:: What you should do ::
The data is to be repeated exactly, with the images removed.

:: Dataset section ::
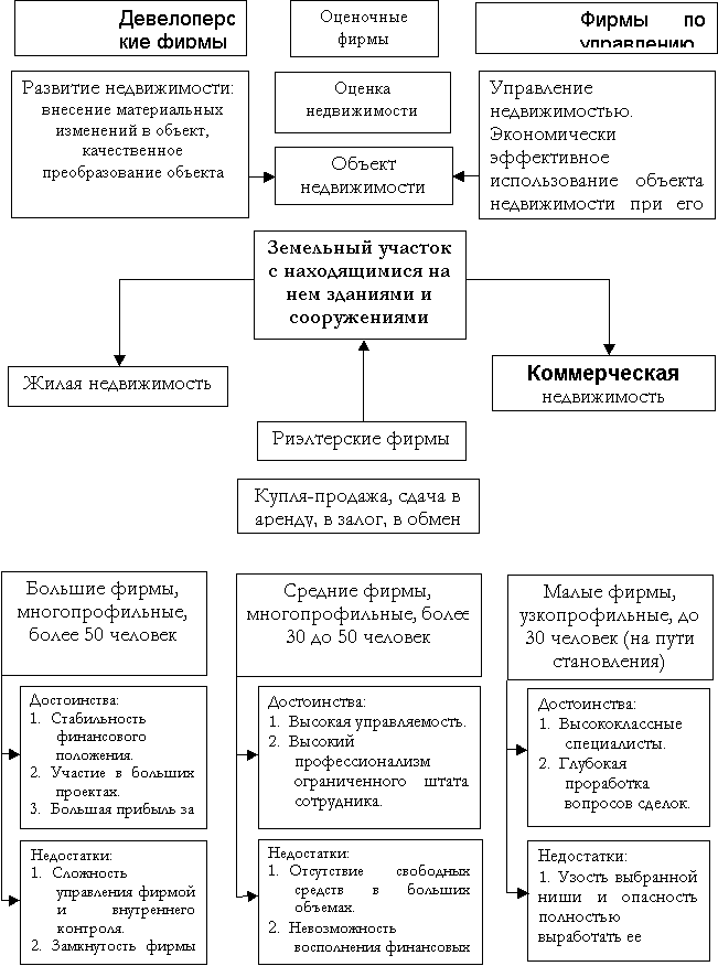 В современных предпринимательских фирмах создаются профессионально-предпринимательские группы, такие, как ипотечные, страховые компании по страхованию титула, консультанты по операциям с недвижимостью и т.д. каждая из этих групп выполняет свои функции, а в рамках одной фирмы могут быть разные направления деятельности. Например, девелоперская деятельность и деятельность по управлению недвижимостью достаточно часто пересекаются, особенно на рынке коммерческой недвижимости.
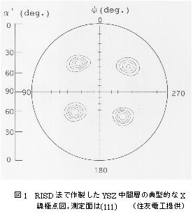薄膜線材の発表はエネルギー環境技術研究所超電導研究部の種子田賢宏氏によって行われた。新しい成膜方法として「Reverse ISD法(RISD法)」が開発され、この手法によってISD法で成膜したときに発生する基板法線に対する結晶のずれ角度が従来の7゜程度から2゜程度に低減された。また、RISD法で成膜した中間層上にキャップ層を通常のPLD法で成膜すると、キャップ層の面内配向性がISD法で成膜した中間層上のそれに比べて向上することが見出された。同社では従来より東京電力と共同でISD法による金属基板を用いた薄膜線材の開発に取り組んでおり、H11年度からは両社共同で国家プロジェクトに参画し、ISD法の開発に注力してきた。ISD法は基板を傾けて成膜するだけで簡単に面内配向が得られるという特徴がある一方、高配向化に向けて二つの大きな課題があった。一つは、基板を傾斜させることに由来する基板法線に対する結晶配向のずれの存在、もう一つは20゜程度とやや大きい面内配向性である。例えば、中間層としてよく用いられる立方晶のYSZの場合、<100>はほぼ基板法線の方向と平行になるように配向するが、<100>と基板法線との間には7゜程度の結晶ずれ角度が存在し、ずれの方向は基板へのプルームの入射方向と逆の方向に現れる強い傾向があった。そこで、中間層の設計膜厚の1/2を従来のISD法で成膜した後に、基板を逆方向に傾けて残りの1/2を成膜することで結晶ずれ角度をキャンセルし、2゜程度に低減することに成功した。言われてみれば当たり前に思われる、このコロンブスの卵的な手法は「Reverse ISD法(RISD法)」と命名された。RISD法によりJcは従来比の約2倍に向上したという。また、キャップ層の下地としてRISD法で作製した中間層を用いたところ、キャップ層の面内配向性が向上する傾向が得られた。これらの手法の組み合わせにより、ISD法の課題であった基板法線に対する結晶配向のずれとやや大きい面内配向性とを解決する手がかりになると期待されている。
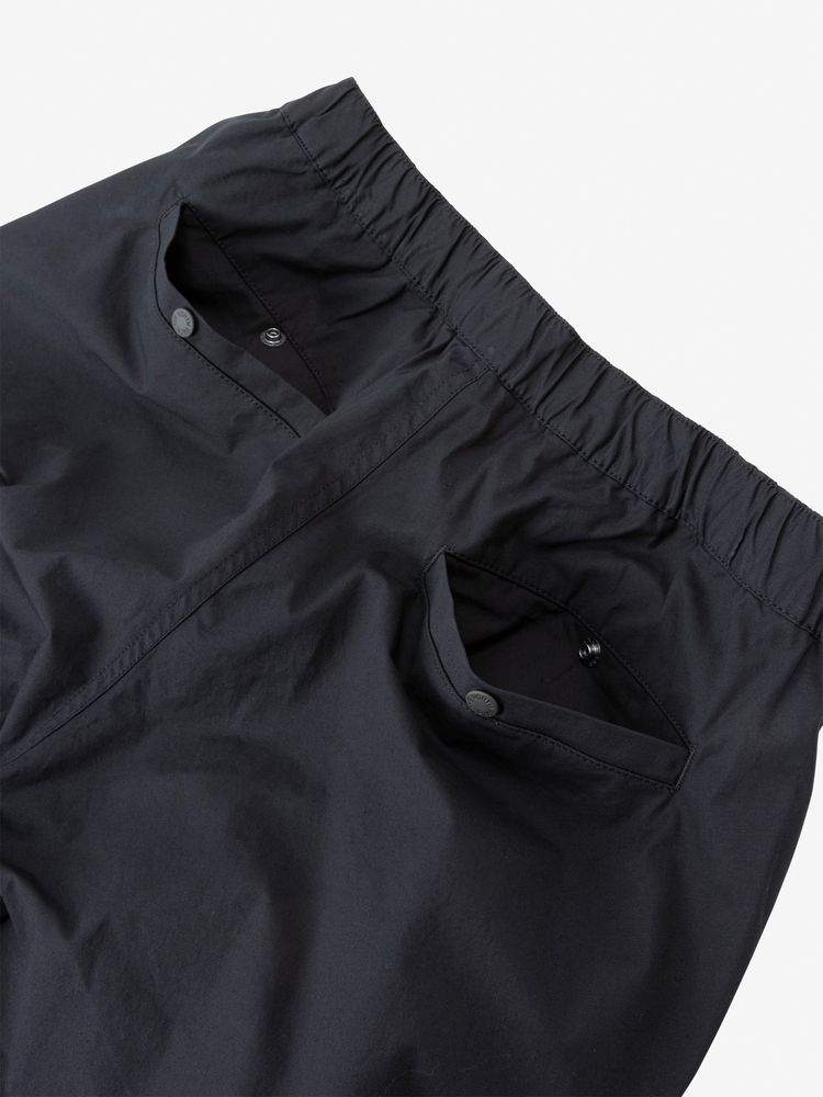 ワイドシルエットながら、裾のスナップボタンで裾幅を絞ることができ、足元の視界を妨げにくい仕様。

:: Problem solution ::
 В современных предпринимательских фирмах создаются профессионально-предпринимательские группы, такие, как ипотечные, страховые компании по страхованию титула, консультанты по операциям с недвижимостью и т.д. каждая из этих групп выполняет свои функции, а в рамках одной фирмы могут быть разные направления деятельности. Например, девелоперская деятельность и деятельность по управлению недвижимостью достаточно часто пересекаются, особенно на рынке коммерческой недвижимости.
薄膜線材の発表はエネルギー環境技術研究所超電導研究部の種子田賢宏氏によって行われた。新しい成膜方法として「Reverse ISD法(RISD法)」が開発され、この手法によってISD法で成膜したときに発生する基板法線に対する結晶のずれ角度が従来の7゜程度から2゜程度に低減された。また、RISD法で成膜した中間層上にキャップ層を通常のPLD法で成膜すると、キャップ層の面内配向性がISD法で成膜した中間層上のそれに比べて向上することが見出された。同社では従来より東京電力と共同でISD法による金属基板を用いた薄膜線材の開発に取り組んでおり、H11年度からは両社共同で国家プロジェクトに参画し、ISD法の開発に注力してきた。ISD法は基板を傾けて成膜するだけで簡単に面内配向が得られるという特徴がある一方、高配向化に向けて二つの大きな課題があった。一つは、基板を傾斜させることに由来する基板法線に対する結晶配向のずれの存在、もう一つは20゜程度とやや大きい面内配向性である。例えば、中間層としてよく用いられる立方晶のYSZの場合、<100>はほぼ基板法線の方向と平行になるように配向するが、<100>と基板法線との間には7゜程度の結晶ずれ角度が存在し、ずれの方向は基板へのプルームの入射方向と逆の方向に現れる強い傾向があった。そこで、中間層の設計膜厚の1/2を従来のISD法で成膜した後に、基板を逆方向に傾けて残りの1/2を成膜することで結晶ずれ角度をキャンセルし、2゜程度に低減することに成功した。言われてみれば当たり前に思われる、このコロンブスの卵的な手法は「Reverse ISD法(RISD法)」と命名された。RISD法によりJcは従来比の約2倍に向上したという。また、キャップ層の下地としてRISD法で作製した中間層を用いたところ、キャップ層の面内配向性が向上する傾向が得られた。これらの手法の組み合わせにより、ISD法の課題であった基板法線に対する結晶配向のずれとやや大きい面内配向性とを解決する手がかりになると期待されている。
 ワイドシルエットながら、裾のスナップボタンで裾幅を絞ることができ、足元の視界を妨げにくい仕様。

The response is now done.